This would be interesting to do, but not necessarily for the purposes of developing a reference curve. Again I think it comes down a difference of approach, and for a practical test application I don't really have any issues with the way Harman did it. It's more a question of how much you value wider compatibility. I think of it kind of like... our approach is a bit more condition-agnostic or 'de-siloed', with the ability to scale the concept to far more test situations, being backwards compatible with flat DF and scalable to future equipment as well, while Harman is specific to that test environment and equipment and will always carry those variables forward until they do the research again.
The other thing is that, in the event we do practical controlled tests with this and end up with a variable slope or preference boundaries like I'm advocating for, it can still be backwards compatible.
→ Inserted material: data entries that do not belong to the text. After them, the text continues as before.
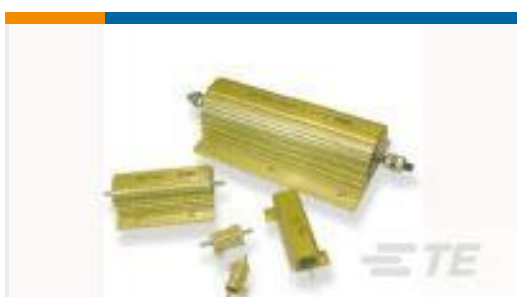
TE 产品编号6-1625999-3 HSC100 12R 5%
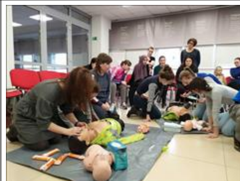
"Школа первой помощи детям", Ростовская область 22 февраля 2020 года
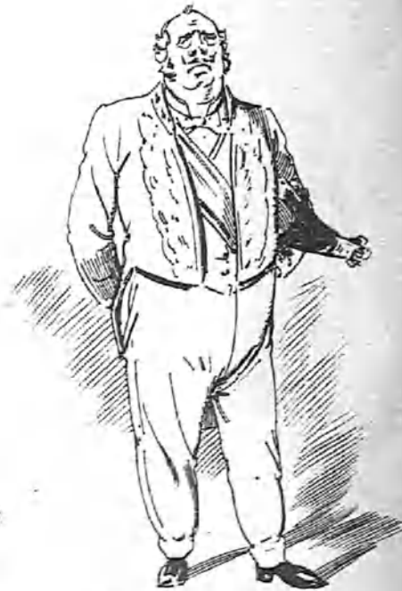
El primer cargo honorífico.
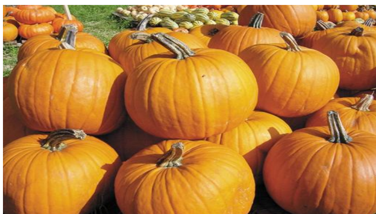
Slika 2. Plod buče (Kalšan, 2015).

Buča se obično se uzgaja kao zasebni usjev, ali se može uzgajati i kao međuusjev, najčešće u kukuruzu. Španring (1980) navodi da se u tom slučaju najveći prinosi postižu ako se buče siju uz kukuruz za proizvodnju hibridnog sjemena. Prirodni uvjeti kod nas omogućuju izvanredno uspješan uzgoj buča namijenjenih preradi u jestivo ulje. Ovako dobiveno ulje ima specifičan miris, okus, te sadrži izuzetno vrijedne kemijske i ljekovite sastojke pa se zbog toga ubraja u „ delikatesno ulje “. U Europi je značajan uzgoj buče u Austriji, Rumunjskoj, Mađarskoj, Češkoj, Slovačkoj i Sloveniji. Pred kraj prošlog stoljeća, prema statističkim podacima, u Hrvatskoj je uzgoj buče (isključivo na privatnim posjedima) sve više stagnirao kako zbog neprimjerene tehnologije proizvodnje i dorade sjemenki, tako dijelom i zbog tržišnih uvjeta (Sito i sur., 1998).

If you look at the other research I referenced, you can see that while most of the slopes are variable to some degree, the Harman slope is the outlier being the most variable. We're not saying that's wrong... rather that it's worth considering what this looks like without those conditions. The one thing that seems consistent is the bass to treble delta that people prefer, and so it makes sense to go with that as the starting point.
Edit: And... just so folks properly understand this, DF and Harman in-room before the filters were applied is very similar (if the same smoothing gets applied). There was that additional preference adjustment to the top of the ear gain, and this is precisely where I'm going with preference boundaries around the target as well - the whole point of my thread on this topic.